## Your objective
Without pictures, output exactly the lines running from the line containing "Product Name Metal" to the end of the listing below.

## Available data
- Opening Delimiter -

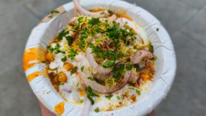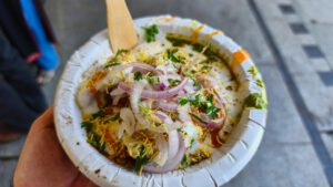 Als ich fertig war fragte ich den Mann auf der Bank neben mir, was er denn essen würde. Tikki Chole, etwas mit Kichererbsen. Das wollte ich dann auch noch probieren. Es war genau das gleiche nur zusätzlich mit einer Kelle Kichererbseneintopf. Dadurch noch etwas leckerer.
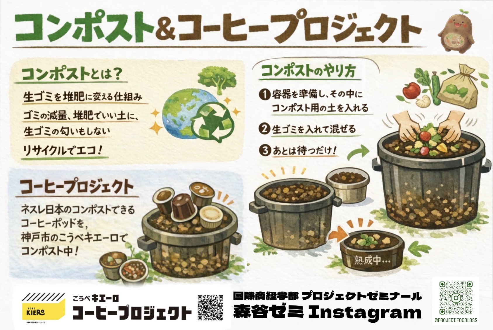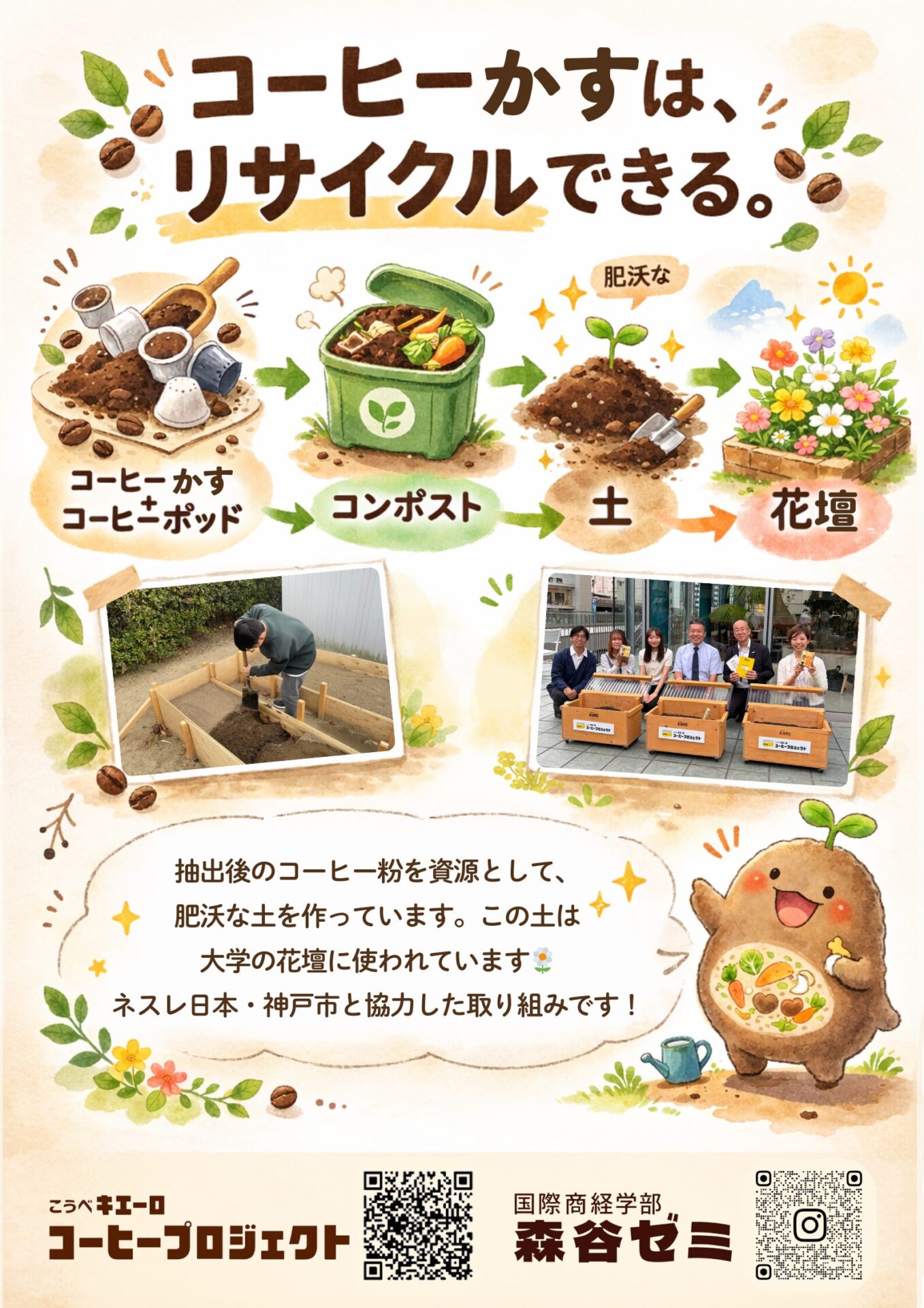 今年度は新たな試みとして、ネスレ日本株式会社、神戸市環境局と連携した、「こうべキエーロ コーヒープロジェクト」が始まりました。コンポストでコーヒー抽出後に残ったコーヒーかす(以下、コーヒーグラウンズ)を分解し、その土を花壇に使用して循環させるプロジェクトです。
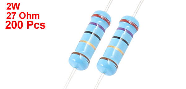 Product Name Metal Film Resistors Power Rating 2W Resistance 27 Ohm Tolerance ±1% Total Length(Approx.) 7cm /2.8" Body Size 4 x 15mm/0.16" x 0.6"(D*L) Color As Picture Show Weight 177g Package Content 200(± 2%) x Metal Film Resistors - Reviews
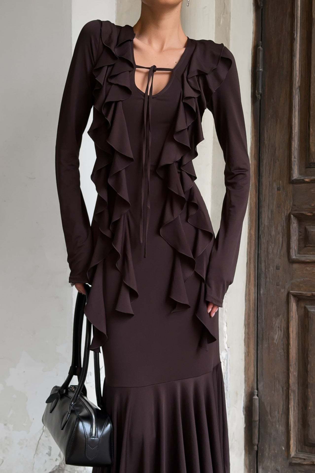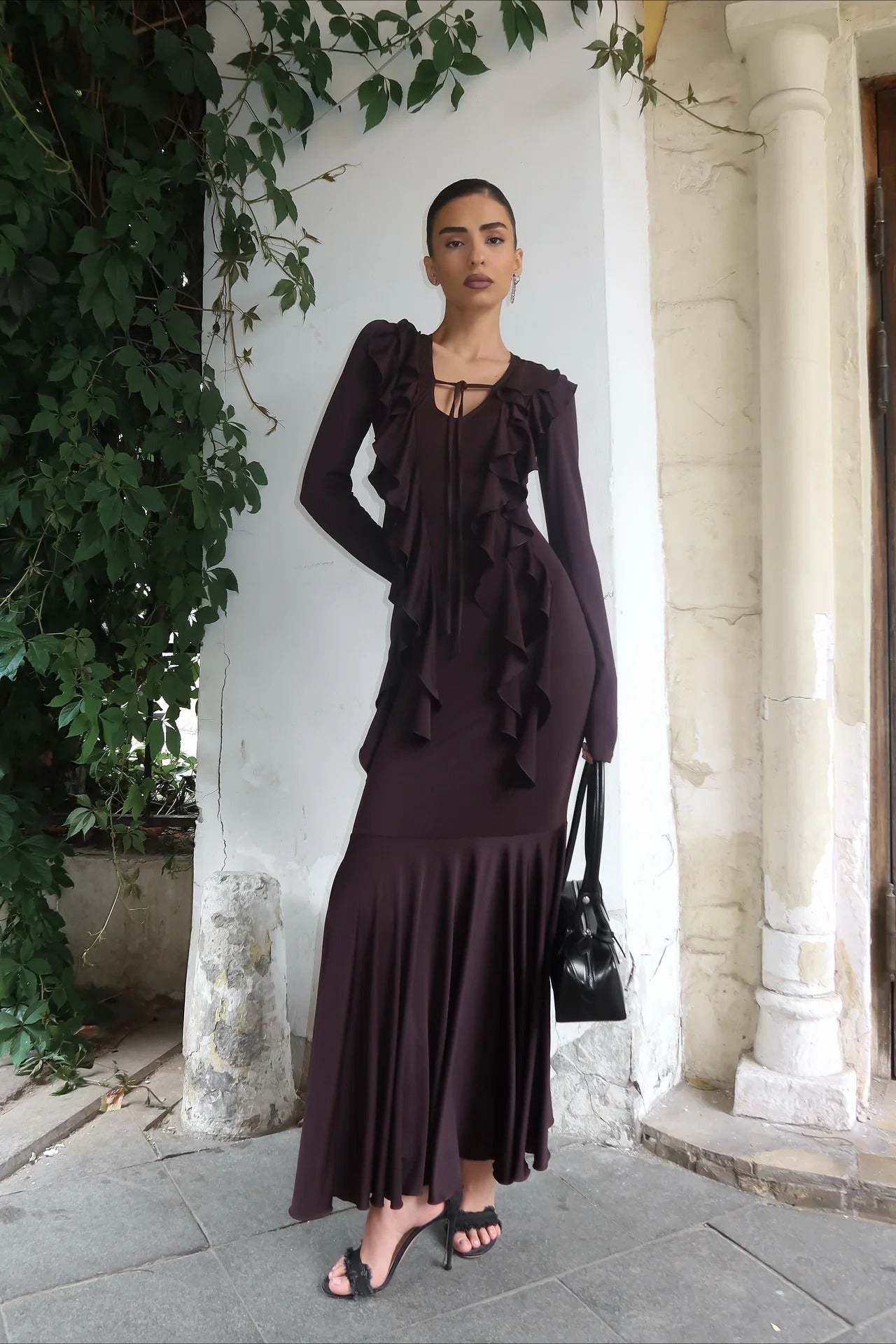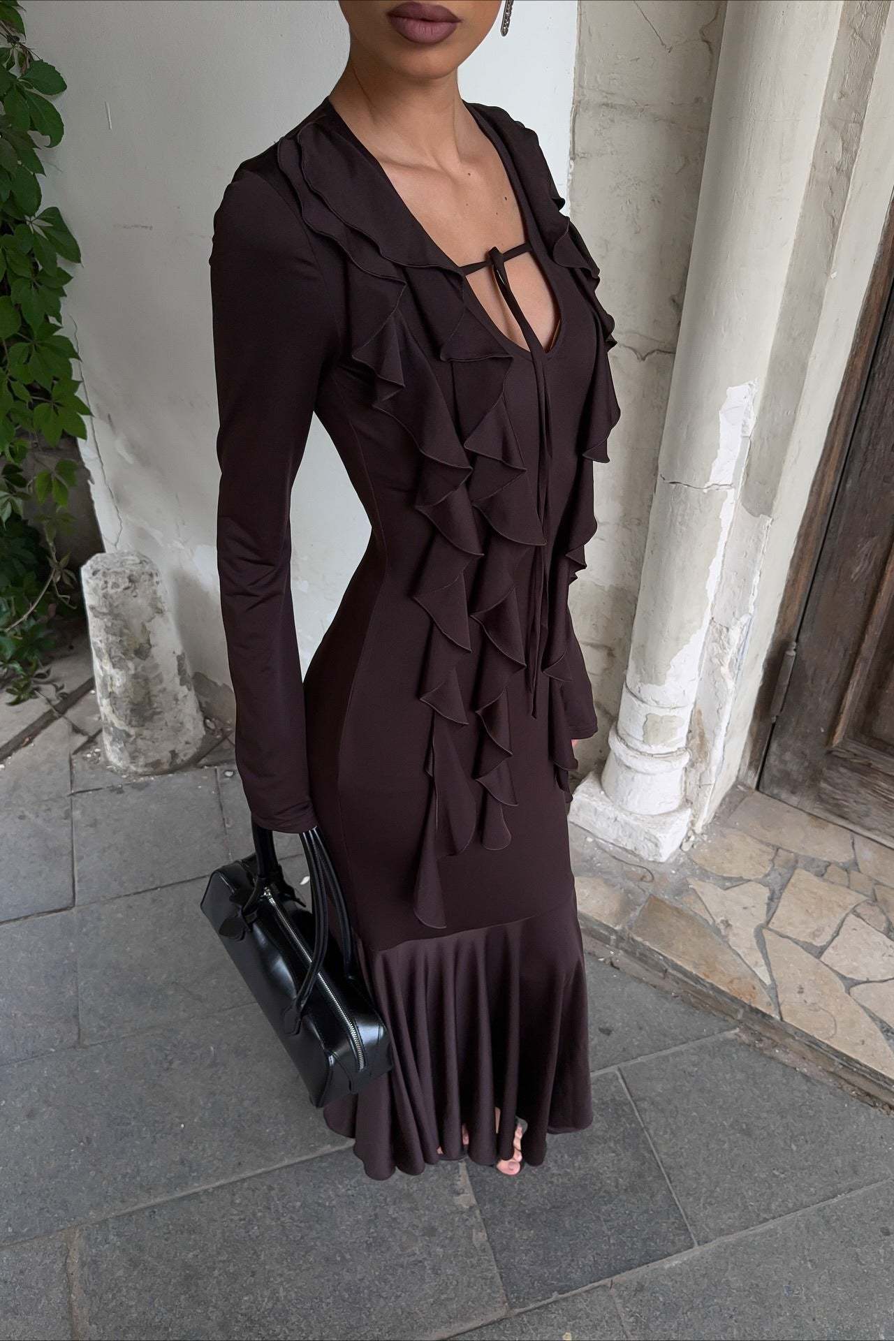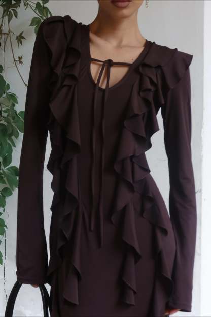 • Dress Length: Maxi • Neckline: V-Neck • Sleeve Type: Regular Sleeve • Sleeve Length: Long Sleeve • Craft: Hollow Out Design

- Closing Delimiter -

## Answer section
 Product Name Metal Film Resistors Power Rating 2W Resistance 27 Ohm Tolerance ±1% Total Length(Approx.) 7cm /2.8" Body Size 4 x 15mm/0.16" x 0.6"(D*L) Color As Picture Show Weight 177g Package Content 200(± 2%) x Metal Film Resistors - Reviews
 • Dress Length: Maxi • Neckline: V-Neck • Sleeve Type: Regular Sleeve • Sleeve Length: Long Sleeve • Craft: Hollow Out Design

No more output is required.